A major exhibition looking back at the First World War work of modernist painter Wyndham Lewis is among the special events announced by the Imperial War Museum in its centenary year.
The display at IWM North in Manchester will mark the commissioning of Lewis as an official war artist in 1917, the same year as the Imperial War Museum’s foundation ‘to record the events still taking place during the Great War.’
IWM’s centenary programme also includes a London exhibition exploring the evolution of anti-war protest from WW1 to the present day.
Wyndham Lewis: Life, Art War, opening at IWM North in June, will feature more than 150 artworks, books, journals and pamphlets, drawn from public, private, national and international collections.

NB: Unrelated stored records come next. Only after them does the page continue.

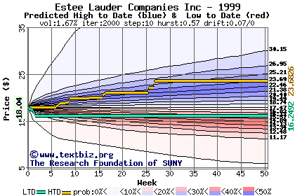 The high to date and low to date prices of the stock plotted against a random walk model for 1999 (what's this?).
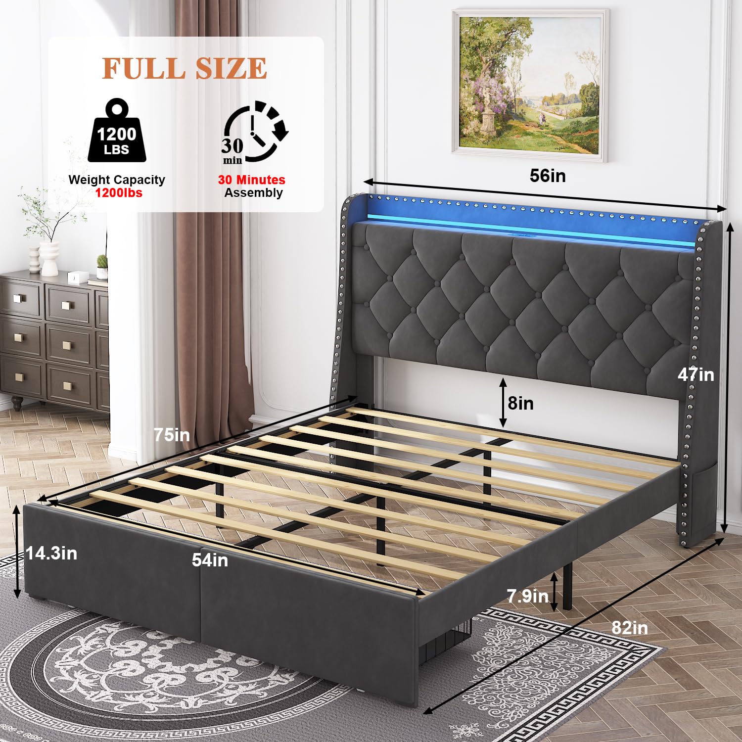 TIGUBFRE Dark Grey Upholstered Full Size Bed Frame with LED Lights and Storage Drawers
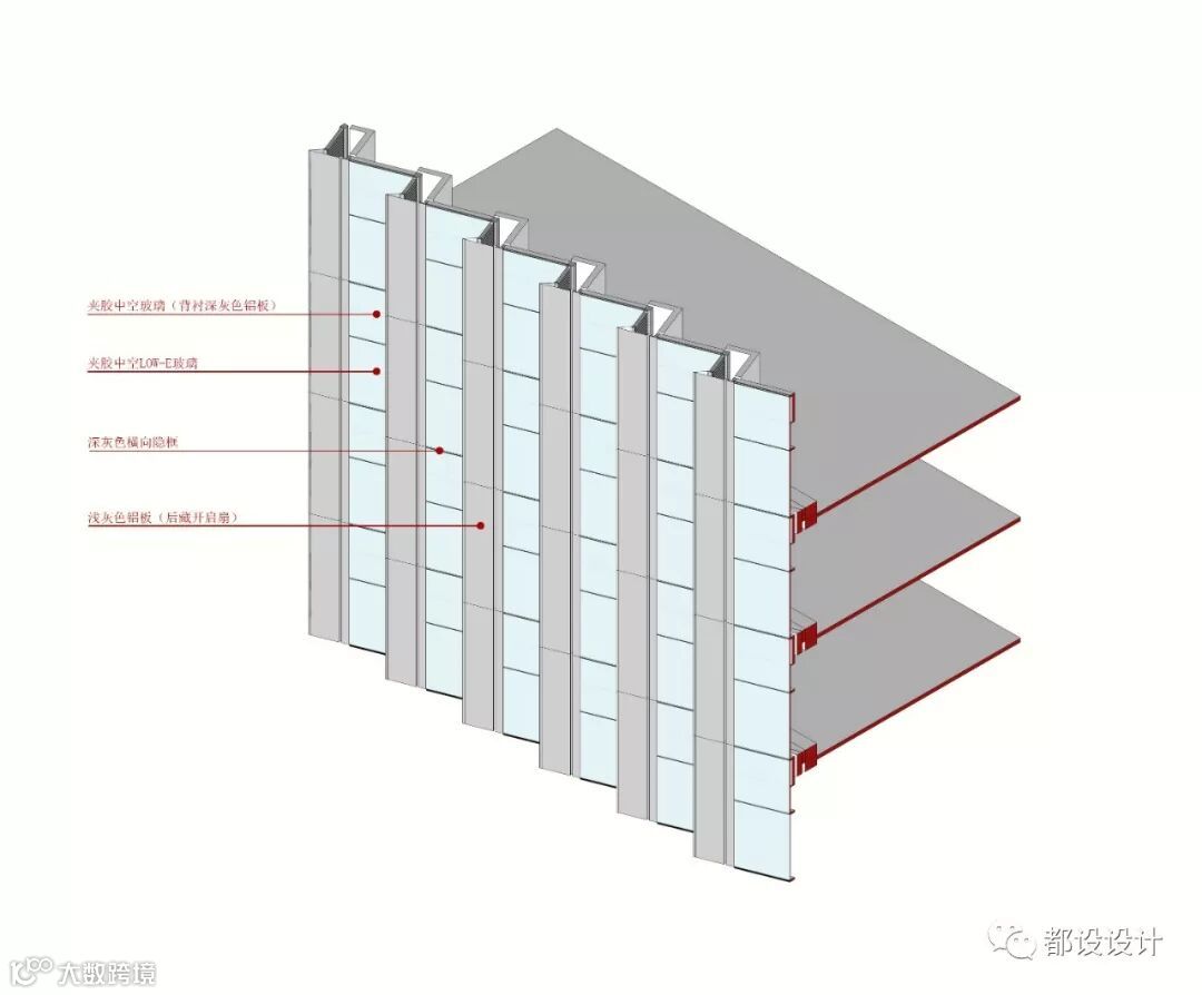 主体外罩超白钢化中空双银LOW-E玻璃幕墙,铝板采用铝单板、铝合金百叶等材料,为了达到比较理想的效果,外墙采用“竖明横隐”构思,竖向线条的材料运用、疏密、突出程度、垂直和水平的划分等,都进行了仔细的推敲。

Wyndham Lewis, founder of the Vorticism avant-garde movement, was a radical force in British art and literature.
The forthcoming exhibition will be the first major UK retrospective of his work in almost 40 years, IWM says.
Works by two other noted Great War artists, Paul Nash and CRW Nevinson, will feature in IWM London’s exhibition People Power: Fighting for Peace, exploring 100 years of British anti-war protest.
The modern peace movement was ‘kick started’ in the UK by the Government’s introduction of compulsory military service in 1916, IWM notes. Unlike the great powers of continental Europe, Britain went to war with a volunteer army in 1914.
Beginning with WW1, the exhibition will include personal letters and other items revealing the hostility and punishment faced by the first conscientious objectors.
People Power: Fighting for Peace is at IWM London from 23 March- 28 August 2017.
Wyndham Lewis: Life, Art War will be presented at IWM North, Manchester, from 23 June 2017-January 2018.
2017 is also the 100th anniversary of Duxford airfield near Cambridge, now the site of IWM Duxford. Details of the centenary programme will be published later.